Każdy obiekt pythonowy można rozszerzyć o nowe metody i atrybuty.

import numpy as np
aa = np.array(a)
bb = np.array(b)

print(aa,bb)

[1 2 3] [4 5 6]

print(f"aa+bb: {aa+bb}")
# dodawanie działa
try:
    print("="*50)
    print(aa*bb)
    print("aa*bb - czy to poprawne mnożenie?")
    print(np.dot(aa,bb))
    print("np.dot - a czy otrzymany wynik też realizuje poprawne mnożenie?")
except TypeError:
    print("no-defined operation")
# mnożenie również działa

aa+bb: [5 7 9]
==================================================
[ 4 10 18]
aa*bb - czy to poprawne mnożenie?
32
np.dot - a czy otrzymany wynik też realizuje poprawne mnożenie?

Co działa szybciej?

def iloczyn_skalarny_lista(x: list, y: list) -> float: 
    iloczyn = 0.
    for i in range(len(x)):
        iloczyn += x[i] * y[i]
    return iloczyn

a = list(range(1000))
b = list(range(1000))

%timeit iloczyn_skalarny_lista(a, b)

27.9 μs ± 1.22 μs per loop (mean ± std. dev. of 7 runs, 10,000 loops each)

import numpy as np
def iloczyn_skalarny_numpy(x, w):
    return x.dot(w)
    
a = np.arange(1000)
b = np.arange(1000)

%timeit iloczyn_skalarny_numpy(a, b)

545 ns ± 3.29 ns per loop (mean ± std. dev. of 7 runs, 1,000,000 loops each)

# własności tablic
x = np.array(range(4))
print(x)
x.shape

A = np.array([range(4),range(4)])
# transposition  row i -> column j, column j -> row i 
A.T

# 0-dim object
scalar = np.array(5)
print(f"scalar object dim: {scalar.ndim}")
# 1-dim object
vector_1d = np.array([3, 5, 7])
print(f"vector object dim: {vector_1d.ndim}")
# 2 rows for 3 features
matrix_2d = np.array([[1,2,3],[3,4,5]])
print(f"matrix object dim: {matrix_2d.ndim}")

[0 1 2 3]
scalar object dim: 0
vector object dim: 1
matrix object dim: 2

Obliczenia wykonywane na danych mieszczących się w pamięci. > czy można jeszcze przyśpieszyć obliczenia?

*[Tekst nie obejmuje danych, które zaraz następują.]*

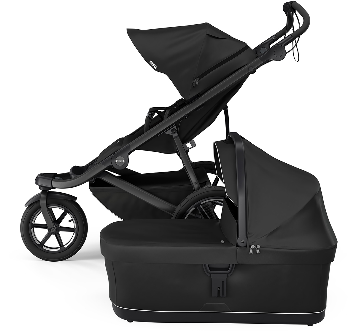 Thule Urban Glide 3 is the ultimate full-size, iconic all-terrain stroller, perfect for both newborns and toddlers. Updated with more comfort features, the built-in legrest, upright, comfortable seat with adjustable recline and full coverage canopy with ventilation makes for a comfortable ride all-day, everywhere. Designed for active parents, Thule Urban Glide 3 offers a combination of comfort, functionality, and performance on any surface. Experience unmatched maneuverability with its sleek and lightweight design, and large 16"" air-filled tires for superior suspension. Whether you're strolling through the city or conquering rough terrains, this stroller delivers a smooth and comfortable ride. The swivel front wheel effortlessly maneuvers through crowded streets and is easily locked in place when you are gearing up to a higher pace. The twist hand brake provides optimal speed control whether on pavements or hilly terrain. The Thule Urban Glide 3 is not only practical but also convenient. Its one-handed, compact fold makes storage and transportation a breeze. The spacious cargo basket with zip-top cover has plenty of room to bring what you need for your adventures. With premium features like air-filled tires for a smooth ride and a canopy with full coverage and ventilation, your child will be comfortable no matter what the day holds. Features The swivel front wheel, which locks into place for higher speeds, combined with large rear wheels, makes the stroller lightweight and easy to maneuver; Built-in legrest and comfortable seat with adjustable recline gives full child comfort all day whether taking in the sights or a nap; Integrated twist hand brake for smooth, safe speed control in any terrain; Easy, one-hand, compact fold with self-stand feature for easy storage and transportation; Large canopy with full coverage and ventilation ensures your child is comfortable; A large cargo basket with a zip-top cover, a rear mesh pocket, and two mesh compartments for snacks or toys provides ample space for everything you need; Ergonomic, adjustable handlebar for maximum parent comfort; Secure and comfortable seat with easily adjustable, padded 5-point harness; Reflective feature on canopy and wheels ensures visibility and safety; Peak-a-boo window lets you check on your sleeping child without disturbing them; Specifications Max child weight: 49 lb; Max stroller weight capacity: 75 lb; Folded dimensions: 34.6 x 22.8 x 12.2 in; Weight: 26.2 lb; Sitting height: 20 in; Door pass through: 27.2 in; Material: Aluminum frame, steel and nylon parts and polyester cover; Thule Bassinet Thule bassinet transforms your stroller into a comfortable pram in no time. It's easy to attach to your stroller with an easy click-in installation. The bassinet is ideal for infants aged 0-6 months and it and includes a bassinet apron and ventilated mattress to keep your baby comfortable. When you are done with your walk the bassinet will easily and quietly detach from the stroller. Features Spacious and comfortable bassinet, with ventilated base and mattress; Extendable and ventilated canopy gives your child a pleasant ride in any weather. The canopy provides full sun coverage and UPF 50+ UV protection; Removable and perforated mattress with machine washable cover; Soft and cozy mesh fabric on the inside for your baby's comfort, with durable water repellent rip stop fabric on the exterior; Easy grip click-in/click-out to bassinet adapters specific for your stroller model; Reflective details on both canopy rim and bassinet base for improved visibility in low light conditions; Easy to carry ergonomic handle; Specifications Compatibility: Thule Urban Glide 3 single, Thule Urban Glide 3 double, Thule Urban Glide 4-Wheel, Thule Spring; Material: Aluminum frame, steel and nylon parts and polyester cover;.

Kurs Numpy ze strony Sebastiana Raschki

PyTorch

PyTorch is an open-source Python-based deep learning library. PyTorch has been the most widely used deep learning library for research since 2019 by a wide margin. In short, for many practitioners and researchers, PyTorch offers just the right balance between usability and features.

PyTorch is a tensor library that extends the concept of array-oriented programming library NumPy with the additional feature of accelerated computation on GPUs, thus providing a seamless switch between CPUs and GPUs.
PyTorch is an automatic differentiation engine, also known as autograd, which enables the automatic computation of gradients for tensor operations, simplifying backpropagation and model optimization.
PyTorch is a deep learning library, meaning that it offers modular, flexible, and efficient building blocks (including pre-trained models, loss functions, and optimizers) for designing and training a wide range of deep learning models, catering to both researchers and developers.

import torch

print(torch.__version__)

print(torch.cuda.is_available())
print(torch.backends.mps.is_available())

tensor0d = torch.tensor(1) 
tensor1d = torch.tensor([1, 2, 3])
tensor2d = torch.tensor([[1, 2, 2], [3, 4, 5]])
tensor3d = torch.tensor([[[1, 2], [3, 4]], [[5, 6], [7, 8]]])

2.6.0
False
True

# typy
print(tensor1d.dtype)

print(torch.tensor([1.0, 2.0, 3.0]).dtype)

torch.int64
torch.float32

tensor2d.shape
print(tensor2d.reshape(3, 2))
print(tensor2d.view(3, 2))

tensor([[1, 2],
        [2, 3],
        [4, 5]])
tensor([[1, 2],
        [2, 3],
        [4, 5]])

print(tensor2d.T)

tensor([[1, 3],
        [2, 4],
        [2, 5]])

print(tensor2d.matmul(tensor2d.T))

print(tensor2d @ tensor2d.T)

tensor([[ 9, 21],
        [21, 50]])
tensor([[ 9, 21],
        [21, 50]])

szczegółowe info znajdziesz w dokumentacji

Modelowanie danych ustrukturyzowanych

Rozważmy jedną zmienną (xs) od której zależy nasza zmienna wynikowa (ys - target).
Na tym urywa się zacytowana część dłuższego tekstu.